NextTimeAround said:


> See above.


Sorry, my bad. I must have skimmed thru your first post too quickly, I thought you stated the VP had sent you the message and you were a volunteer.

So changing my answer....Yes as a VP you should be involved in any organizational planning for your area or chapter. I would guess the president feels an obligation to try and keep you in the loop because of your position but doesn't necessarily want to work with you and doesn't value your opinion. 

In that light I would say her email was both dismissive and condescending. 

Why not show up to all meetings? Don't wait to be invited, I'm sure you have other contacts in the organization to let you know when a meeting is taking place. You do have a right to be there unless something in the organizations bylaws gives the president absolute power to structure and direct the organization as she sees fit, and if that was the case why have elected officials other than the president.


----------



## NextTimeAround (Dec 15, 2011)

Cooper said:


> Sorry, my bad. I must have skimmed thru your first post too quickly, I thought you stated the VP had sent you the message and you were a volunteer.
> 
> So changing my answer....Yes as a VP you should be involved in any organizational planning for your area or chapter. I would guess the president feels an obligation to try and keep you in the loop because of your position but doesn't necessarily want to work with you and doesn't value your opinion.
> 
> ...


Thanks for that Cooper.

My guess here is that some of the committee may be made of people at the Country level. 4 of which I have met. And judging from the entire e-mail that the President sent to me, this committee could be looking at not only our region in this country but a couple of others. Could the head of the committee only want one person per chapter officially involved?

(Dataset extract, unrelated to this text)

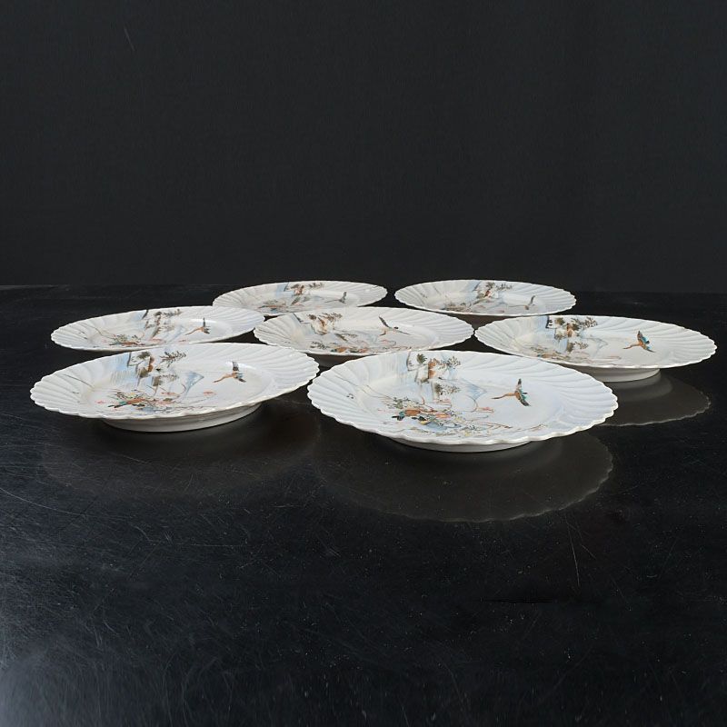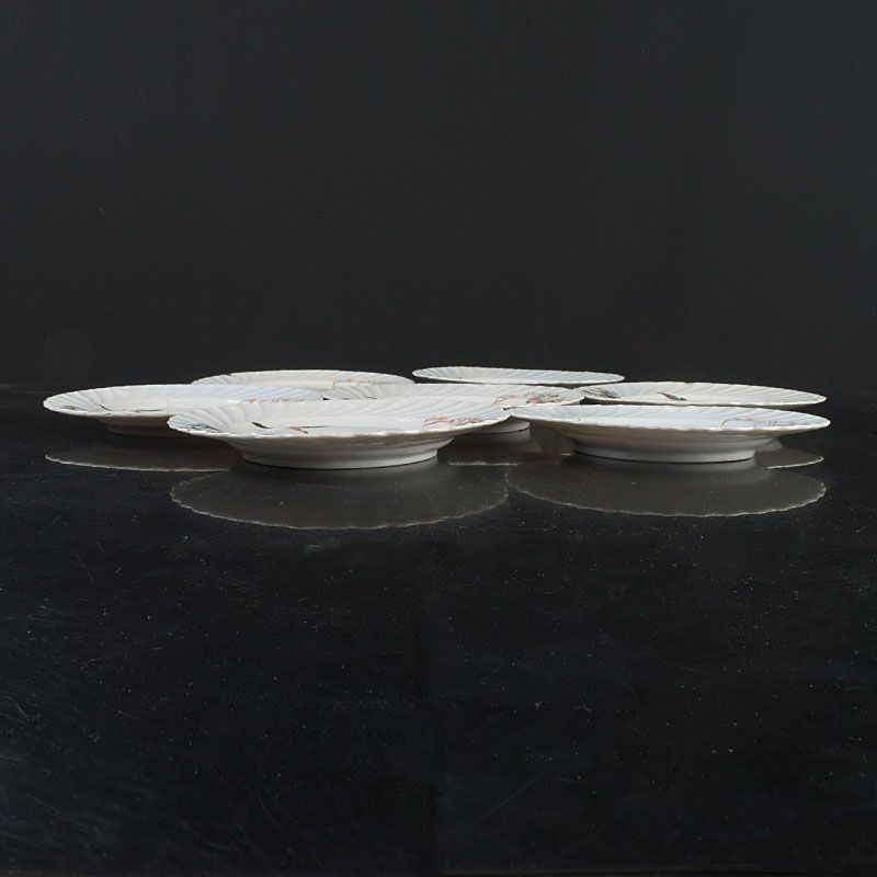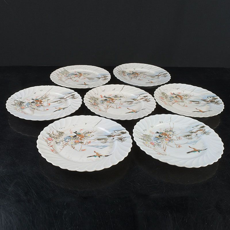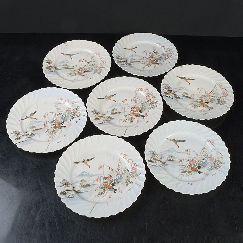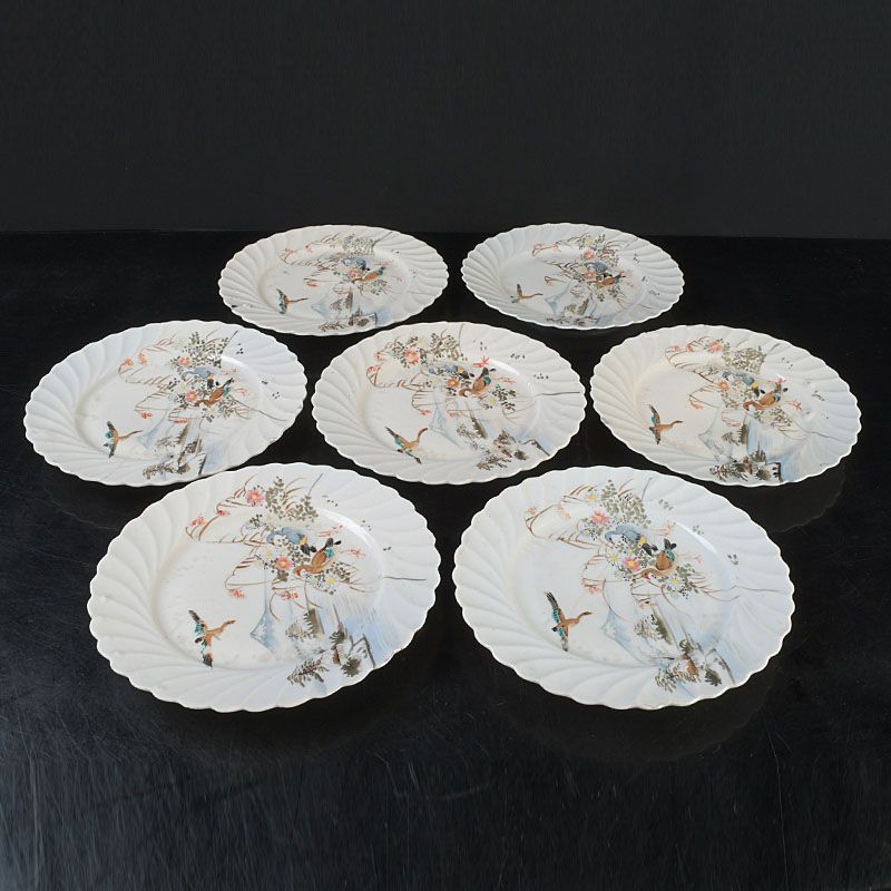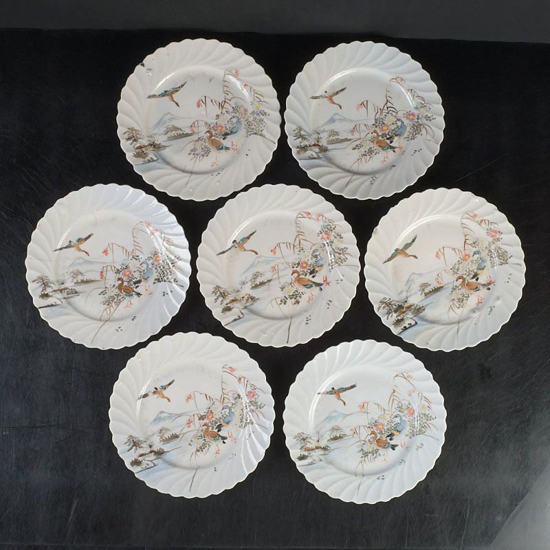 九谷焼 色絵 山水花鳥文 皿 七客 在銘 C S514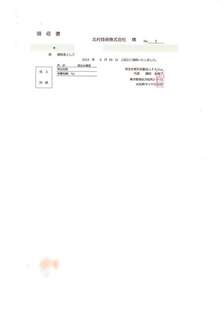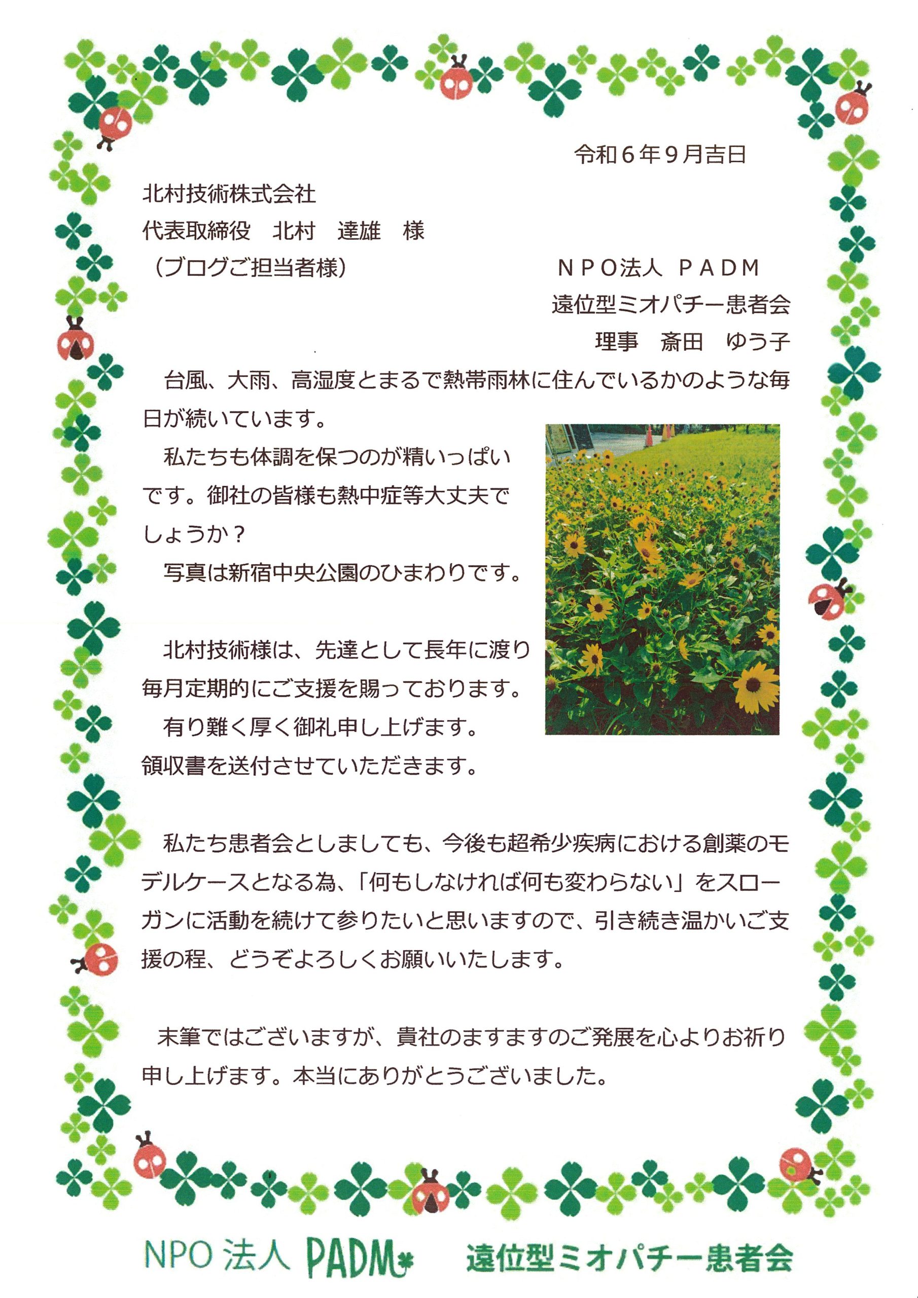 北村技術ではPADM🍀遠位型ミオパチー患者会様に定期的な寄付を行っております

Still, I want to know who is involved; regular updates; thought process of the members and so on.

And yes, I do find it insulting that they are happy to accept my donkey work but not accept any thoughts and input out in the planning.

We'll see what the President has to say. But without explicitly telling her (as I may change my mind), I could easily see myself turning down her summons to do some work. Imagine being asked to set up and close down (ie clean up.) No thanks.

I'm glad to ruminate here so that I can be very evenhanded when I speak with her.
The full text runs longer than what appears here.